Катя открыла заплаканные глаза.

Ник пытался что-то сказать, но ее ладонь прикрыла ему рот.

– Не перебивай, – тихо сказала Катя, – я еще не закончила. Жили мы на восьмом этаже. Мать погибла сразу. Отца чудом спасли. Он еще долго лежал в больнице весь переломанный и ничего из прошедшего не помнил. Полиции я соврала. Сказала, что был несчастный случай. Конечно мне не поверили, но уголовного дела заводить не стали. А меня… Меня на время приютили Николай Иванович и Ирина Петровна. Именно они похоронили мою мать и написали письмо моей бабушке. Бабушке, которая жила от нас очень далеко и которую, я совсем не помнила. Моя милая бабушка. Я ей до сих пор за все благодарна. Она удочерила меня, когда отца лишили родительских прав, увезла к себе в деревню и воспитывала с той любовью и нежностью, которая присуща только пожилым людям. Как говорится: «Все что не делается, все к лучшему». Ад закончился. Ад родительских пьянок завершился. Ники… -Катя бросила взгляд на Ника, внимательно всматриваясь то в один глаз, то в другой, -…Ники, никто не знает правды, кроме тебя. Слышишь. Я никому об этом не рассказывала. Даже бабушке. Хотя должна была рассказать. Рассказать там на Земле, психологам. Рассказать вам. Но я все это скрыла, Ник. Я осознано подвергла всех вас опасности. Я осознано подвергла опасности всю миссию. Хотя нас предупреждали, что любой скрытый, негативный, даже незначительный факт из прошлой жизни, может сказаться на психологическом состоянии человека и повлиять на дальнейшую судьбу всех колонистов. А я утаила. Я виновата, Ник. Я очень виновата. Прости. Я просто хотела все забыть. Я думала, что забыла. Но здесь, на Марсе, я кажется стала понимать, что истинная причина, из-за которой я записалась в «колонию Марс-1» -это бегство от себя. Бегство от прошлого. Бегство от своих воспоминаний и желание все забыть. Ведь я хотела забыть. Очень сильно хотела. И думала, что у меня получалось. Пока… Пока мы не приземлились на Марс. Эта планета как-то влияет на меня. Со мной что-то происходит, Ник. У меня нехорошее предчувствие и мне страшно. Я боюсь, Ник. Я боюсь за тебя. За всех нас. Мы зря сюда прилетели. Это гиблое место. Это нехорошее место. Я не знаю, как, но я просто это чувствую. И я иногда молюсь. Молюсь, чтобы все было хорошо. Меня бабушка научила. Но мне страшно, Ник. Страшно. И бывают моменты, когда я снова чувствую себя кроликом. Парализованным кроликом.

Катя замолчала. Ее глаза смотрели на Ника, в ожидании его реакции на услышанное.

Ник аккуратно вытер рукой остатки слез с Катиного лица, а затем нежно поцеловал ее в губы.

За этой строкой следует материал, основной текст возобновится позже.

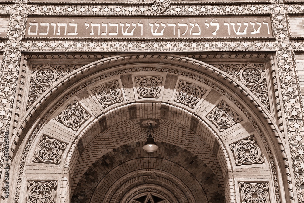Samolepka Synagogue in Budapest. Sepia toned retro filter photo.
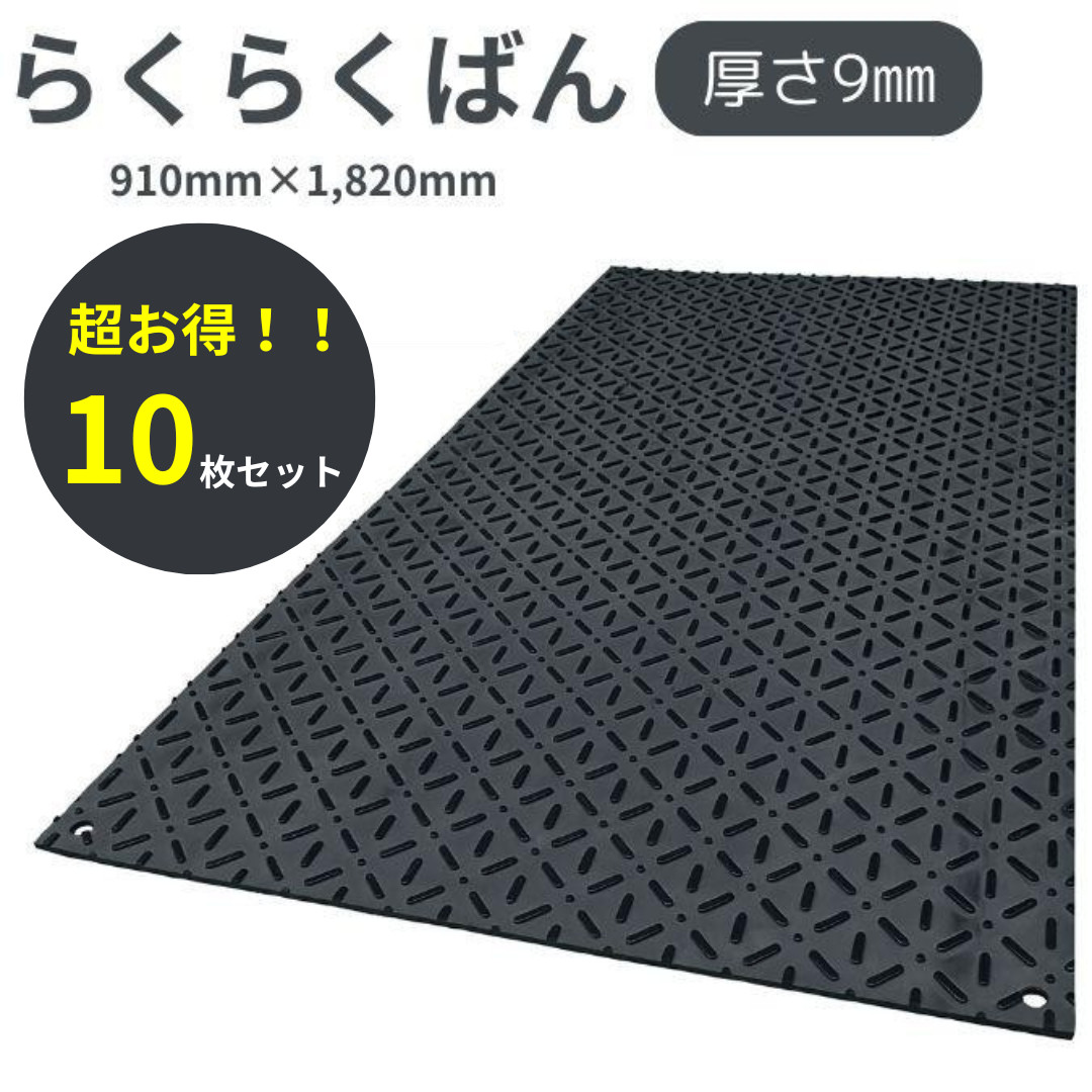 敷板 プラスチック 樹脂 軽い らくらくばん 10枚セット 京葉興業 農業専用 910mm×1,820mm 樹脂製敷板 厚さ9mm 軽量敷板 養生板 プラシキ でこぼこ プラ 駐車場

– Че-то ты совсем расклеилась, -нежно сказал он, посмотрев ей в глаза, – Ноешь как… Как это по-русски? Как ба-бья, кажется. Нет. Подожди. Не подсказывай. Как… – Ник ненадолго задумался, а затем, ломаным русско-английским языком, выговорил слово «баба», а ударение в этом слове, поставил на последнюю букву «а», – …как баба. Да. Точно. Вспомнил. Как баба.

Катя тихонько улыбнулась и так же с ошибкой сказала: «Я и есть баба».

– Нет. Ты не просто баба, – Ник улыбнулся в ответ, – Ты русская баба, – и он повысил голос на слове «русская», – Помнишь, как ваш поэт писал: «Коня на скаку остановит, в горящую… Как это по-русски?

– Избу, – правильным русским произношением ответила Катя, – По-английски это «Хаус», «Коттедж», «Хут».

– В горящую избу войдет, – продолжил Ник, коверкая неправильным произношением, слово «изба».

– Я не такая, – Катя опустила глаза, – Совсем не такая.

– Такая! – твердо сказал Ник, – Поверь мне, именно такая. Веселая, сильная баба.